Artem Harutyunyan
(CERN)
Dag Larsen
(University of Bergen (NO))
Long-term preservation of scientific data represents a challenge to all experiments. Even after an experiment has reached its end of life, it may be necessary to reprocess the data. There are two aspects of long-term data preservation: "data" and "software". While data can be preserved by migration, it is more complicated for the software. Preserving source code and binaries is not enough; the full software and hardware environment is needed. Virtual machines (VMs) may offer a solution by "freezing" a virtual hardware platform "in software", where the legacy software can run in the original environment.

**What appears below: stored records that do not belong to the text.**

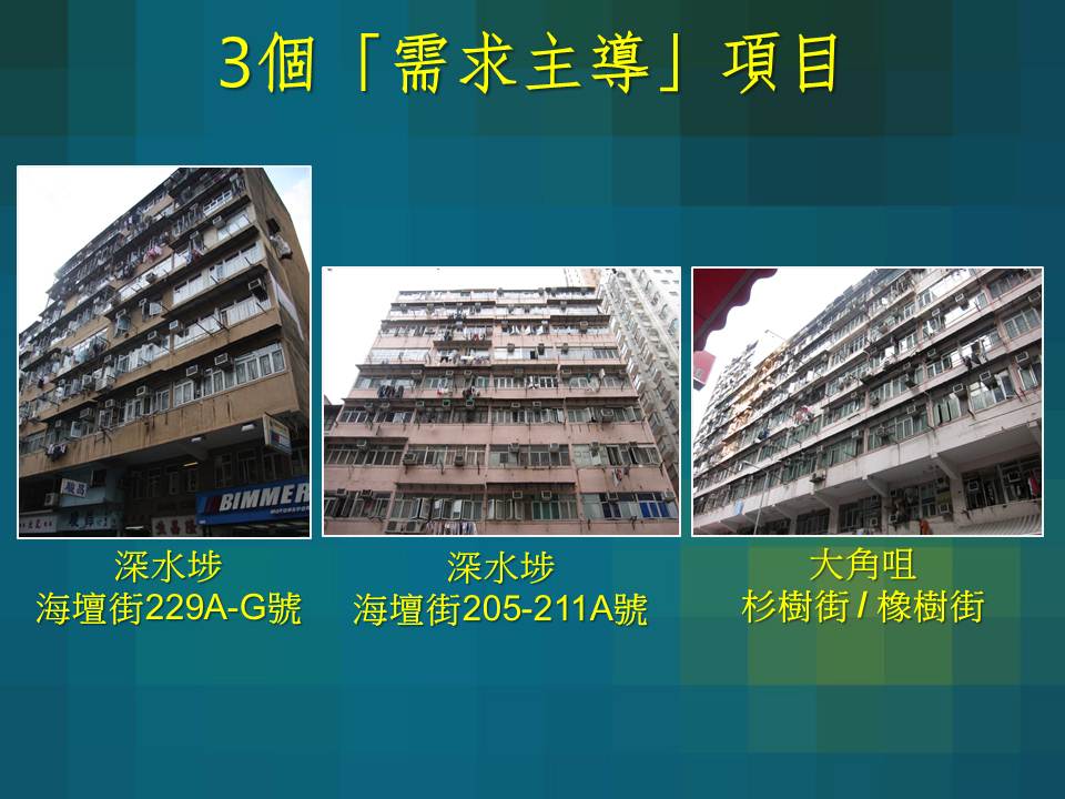 The three demand-led projects, two in Sham Shui Po and one in Tai Kok Tsui, will involve a total of 226 property interests and help improve the living environment of some 290 households, who are currently living in buildings of about 50 years old.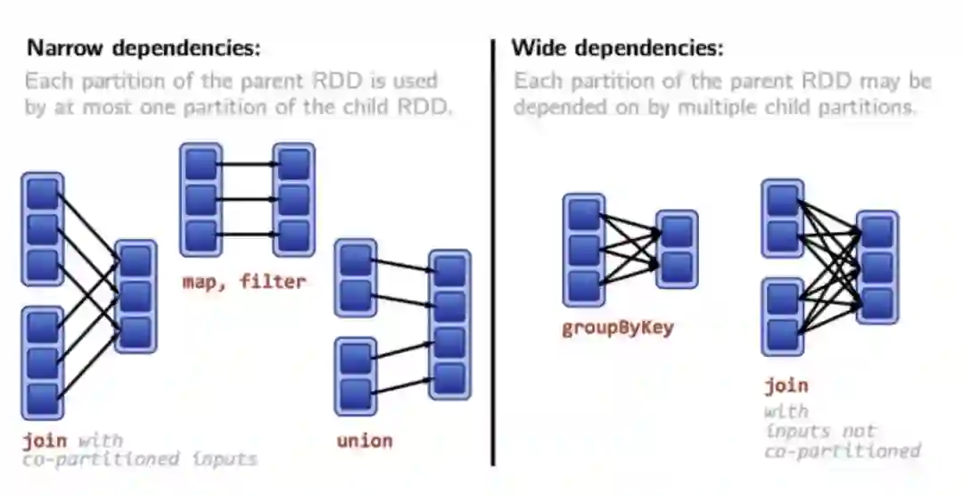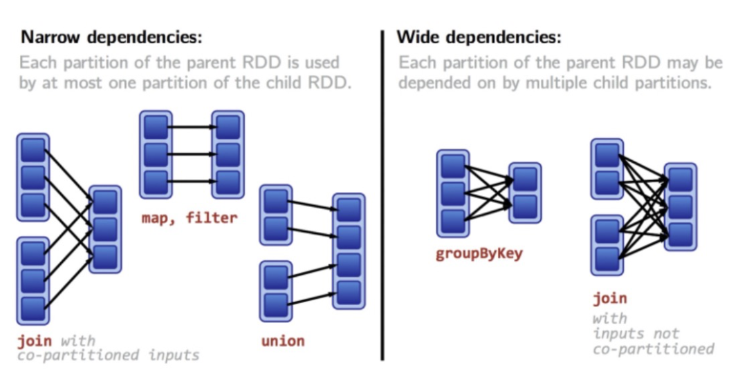 Narrow/Wide dependencies:参考下图,区分的重要依据在于父节点是否会被多个子节点使用。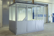 - eenvoudig te installeren prefab constructie van dak, wand en vloer - beoordeelde gebouwgeluidsisolatiewaarde R'w 28 dB (standaard), volgens testrapport nr. A4096, volgens DIN EN ISO 140-5 (objectgerelateerde afwijkingen mogelijk) - moderne oppervlakteprofilering in afwerkingsoptiek - wand- en dakconstructie van sandwichpanelen met bovenplaten van verzinkte, gecoate staalplaten met PU-schuimvulling (60 mm), Vlakke glasvullingen 6 mm - Deurelementen in geveldesign/optiek - Wandelementen statisch ontworpen voor latere uitbreiding, standaard dak, stofvrij, geïsoleerd (60 mm), beloopbaar met 1 kN (manbelasting) - 2 verdiepingen of op staalconstructieplatform met trappensysteem - 1-, 2- of 3-zijdige uitvoering - Ruimtehoogte tot 4 m mogelijk Type 0010-0030 - elementaire versie, 3-zijdig, op dragende bestaande wand - bestaande uit: Dak, massieve wand- en glaselementen en enkeldeurselementen - Kleur extern: wit aluminium RAL 9006 Interieur: zuiver wit RAL 9010 - Andere kleuren op aanvraag |
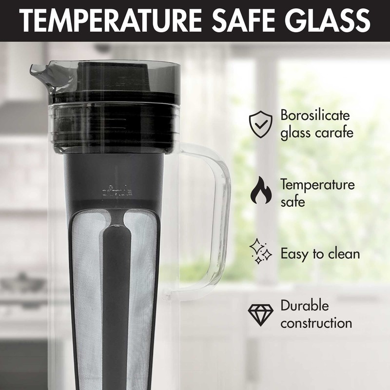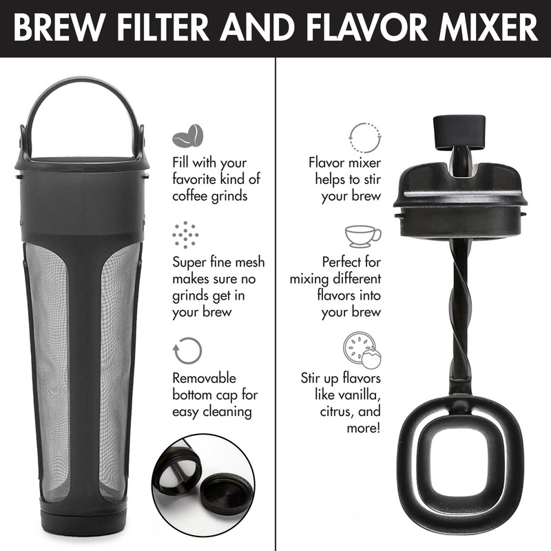 - INNOVATIVE DESIGN - Made of extra-tough borosilicate glass. Specially designed lid seals in freshness for up to two weeks and provides a smooth, drip-free pour. Fine mesh Coffee filter keeps grounds out of your coffee. Non-slip silicone base protects the glass from accidental slips. Use the included Flavor Mixer to dress up and easily mix your coffee up.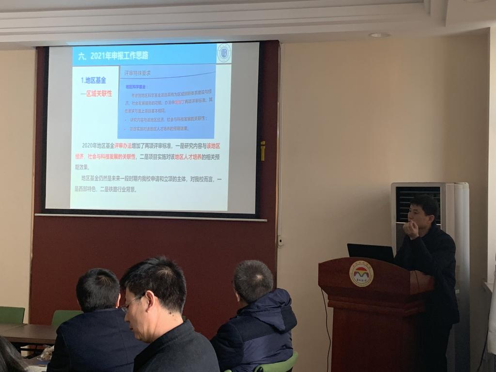 学院先邀请科技处副处长高全福老师先做了关于2021年度国家自然科学基金申请的专题报告,高老师从国家基金近几年的受理和资助情况、政策变化、申报过程注意事项等方面做了详细讲解。随后几位成果突出、已主持多项自然基金和重大科技项目的青年博导冀伟教授、李盛教授、蔺鹏臻教授、张戎令教授、张永亮教授等,重点就国家自然科学基金申报过程中的科学问题思考与提炼、申请书撰写申报与经验总结、项目研究执行与成果凝练发表、科技奖项的规划布局等,分别分享个人的体会、技巧和经验。学院30余名教师参与交流。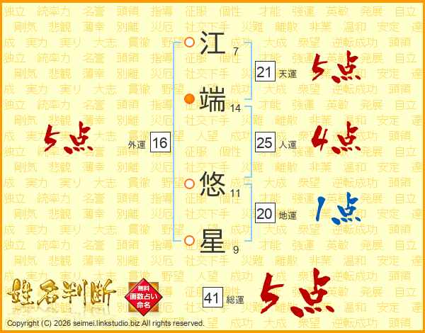 江端悠星さんの総運は41画の5点!
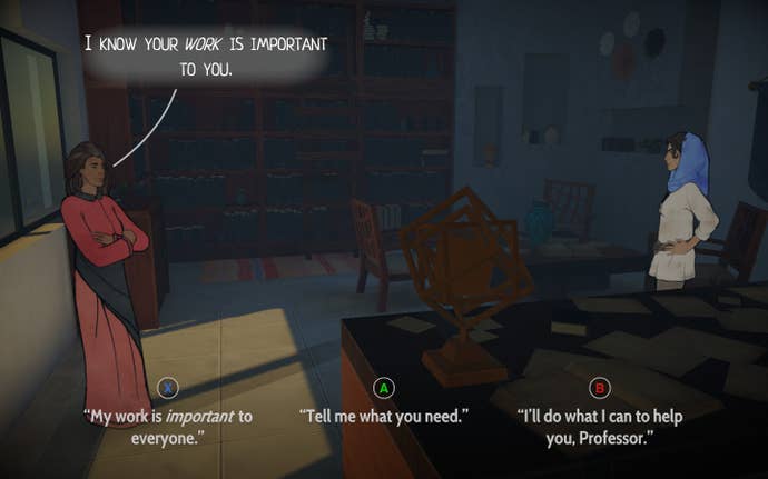 And in my new playthrough, she's almost the opposite of all these things (except that last one), and the narrative is shifting accordingly. Heaven's Vault is not only impressive in the sheer scope of its histories, but in how meaningful its decisions feel. Heaven's Vault is a game about not taking the narrative of history spoonfed to us, but about challenging it and forging our own path. Even with any game-feel qualms I may have, it is undoubtedly successful in that right.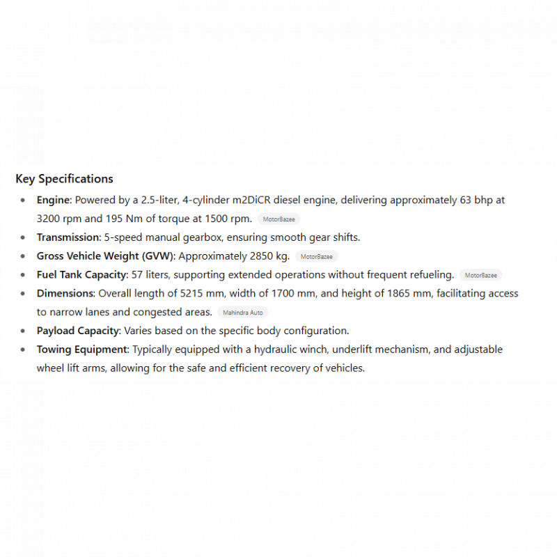 The Mahindra Bolero BS4 Toe Van is a versatile light commercial vehicle (LCV) engineered for efficient towing and roadside assistance operations. Built on the robust Mahindra Bolero platform, it combines utility with durability, making it ideal for urban and semi-urban environments.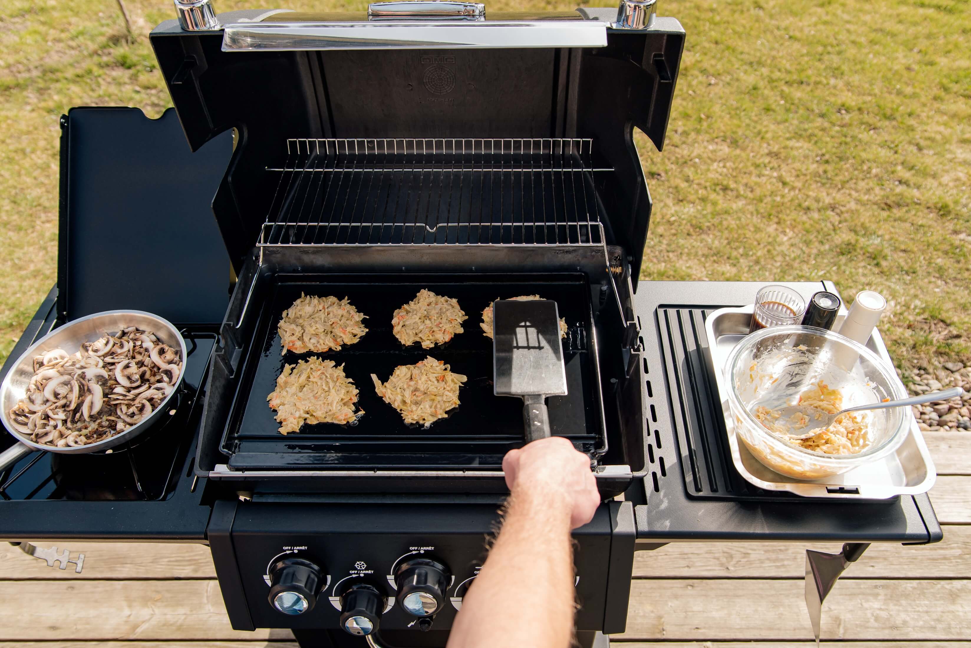 Za pomocą uchwytu wielofunkcyjnego wyjmij ruszt i w jego miejsce umieść dedykowaną planchę żeliwną. Rozgrzej grill. Pod planchą ustaw średnią moc palników - docelowa temperatura powierzchni ok. 180-200°C.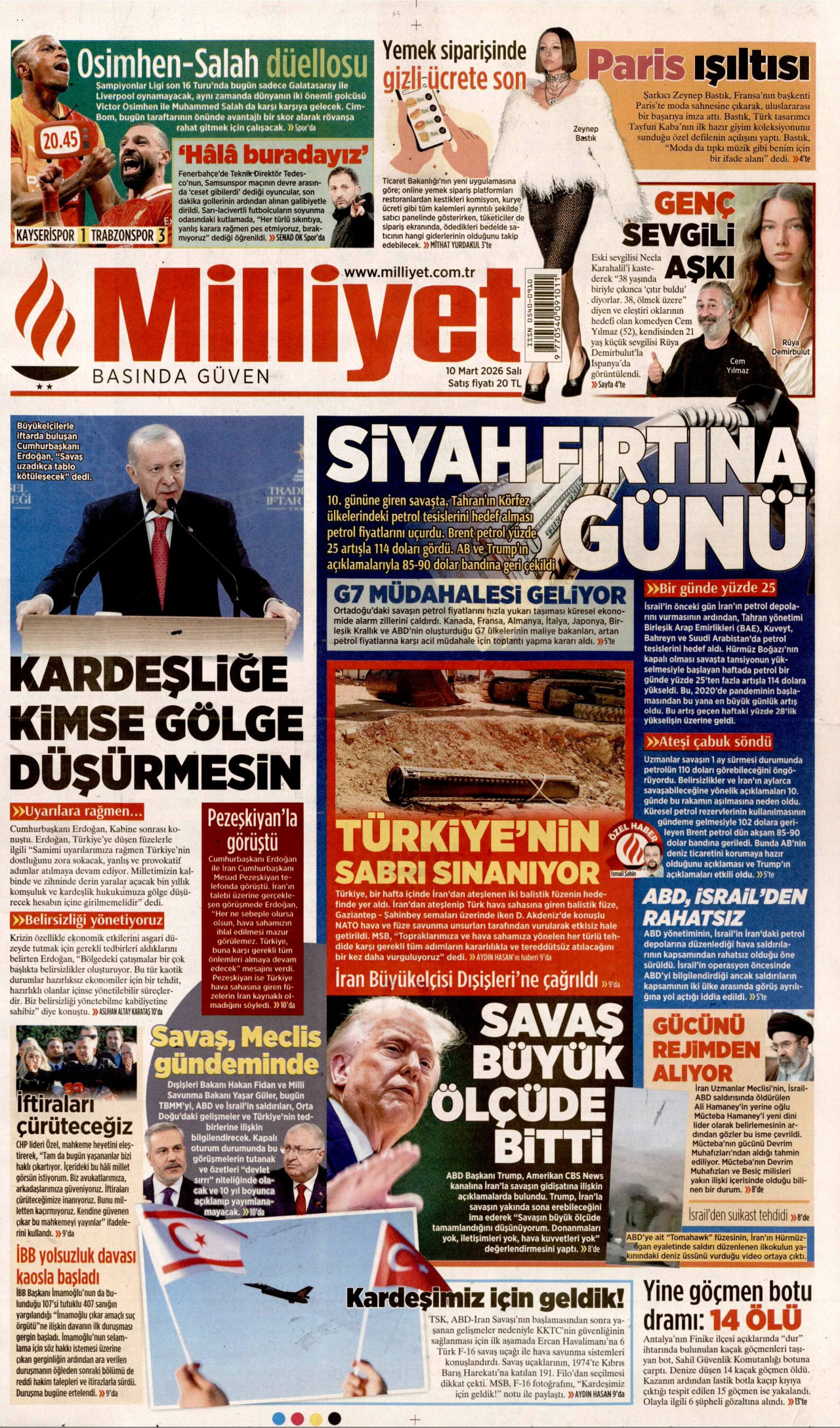 MİLLİYET Gazetesi 10 Mart 2026, Salı Günü Manşeti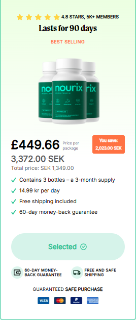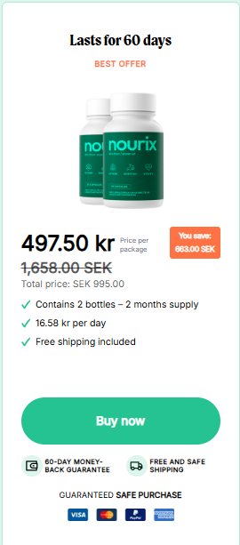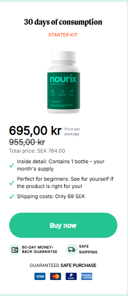 Varje köp av Nourix-tillskott backas upp med en 60-dagars 100 % pengarna-tillbaka-garanti, fri & säker frakt samt SSL-säker betalning. Så om du inte är nöjd med resultaten kan du helt enkelt utnyttja denna återbetalningspolicy för att få tillbaka hela beloppet. Även om Nourix-formulan är tillverkad med naturliga ingredienser kan effekten variera mellan individer. Om du har använt tillskottet under den rekommenderade perioden och inte fått de förväntade resultaten är återbetalningspolicyn din att utnyttja.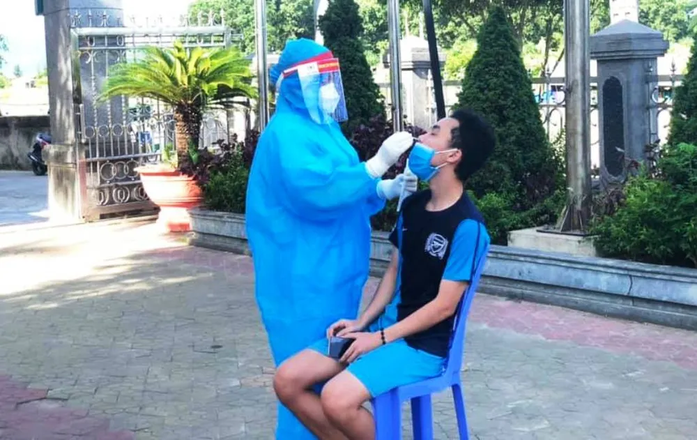 Lấy mẫu xét nghiệm cho người dân ở huyện Thạch Hà (Hà Tĩnh).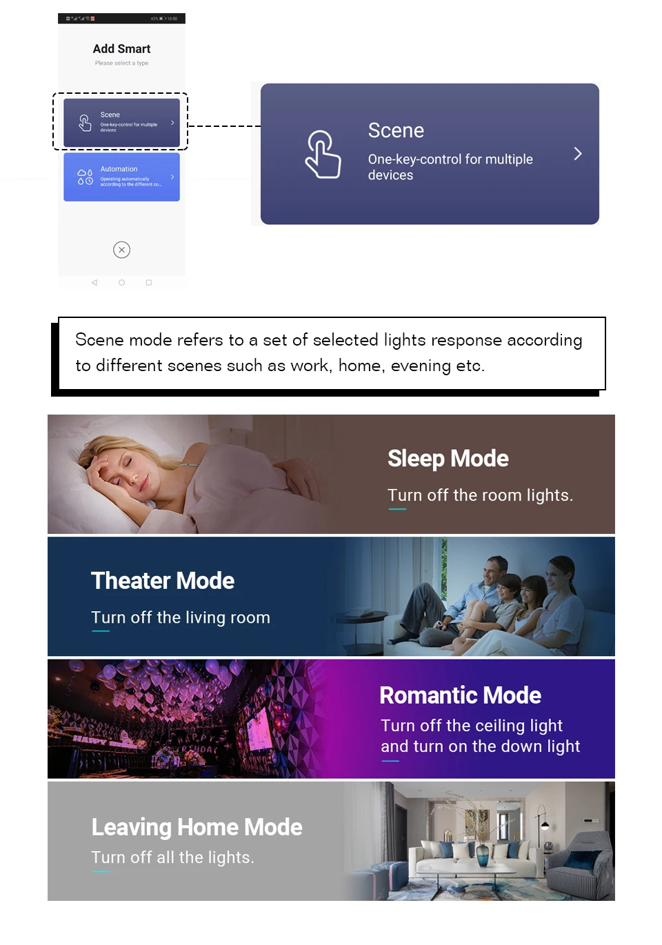 1.Smart App Remote Control:Conveniently control your lights with the free mobile "Smart Life"phone App no matter where you are.(Compatible with Android&iOS.)Also,you may easily share it with your family to control your lights together with Smart App.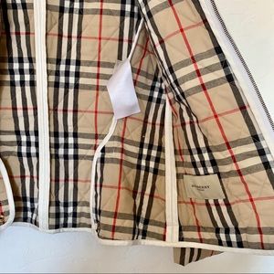 This is a quilted Burberry jacket. It’s been used but it’s still in great condition. The only flaw is that it has a few loose threads as shown in last pic, I’m sure they can be cut off or sewn back on but I’m not good at that. It’s a size xs and I would say it’s true to size.

A complete infrastructure package is developed for easy deployment and management of such VMs. It is based on a dedicated distribution of Linux, CERNVM. Updated versions will be made available for new software, while older versions will still be available for legacy analysis software. Further, a HTTP-based file system, CVMFS, is used for the distribution of the software. Since multiple versions of both software and VMs are available, it is possible to process data with any software version, and a matching VM version. OpenNebula is used to deploy the VMs. Traditionally, there are many tools for managing clouds from a VM point-of-view. However, for experiments, it can be more useful to have a tool which is mainly centred around the data, but also allows for management of VMs. Therefore, a point-and-click web user interface is being developed that can (a) keep track of the processing status of all data; (b) select data to be processed and which type of processing, also selecting the version of software and matching VM; and (c) the configuration of the processing nodes, e.g. memory and number of nodes. It is preferable that the interface has an experiment-dependent module which will allow for easy adoption to various experiments. The complete package is designed to be easy to replicate on any processing site, and to scale well. Besides data preservation, this paradigm also allows for distributed cloud-computing on private and public clouds through the EC2 interface, for both legacy and contemporary experiments, e.g. NA61 and the LHC experiments.
Summary
Long-term preservation of scientific data represents a challenge to experiments, especially with regard to the analysis software. Preserving source code and binaries is not enough; the full software and hardware environment is needed. Virtual machines (VMs) make it possible to preserve hardware "in software". A complete infrastructure package is developed for easy deployment and management of VMs, based on CERNVM Linux. Older CERNVM versions will still be available for legacy software. Further, a HTTP-based file system, CVMFS, is used for the distribution of the software. It is possible to process data with any software version, and a matching VM version. Most importantly, a point-and-click web user interface is being developed for setting up the complete processing chain, including VM/software versions, number/type of processing nodes, and the particular type of analysis and data. This paradigm also allows for distributed cloud-computing on private and public clouds, for both legacy and contemporary experiments.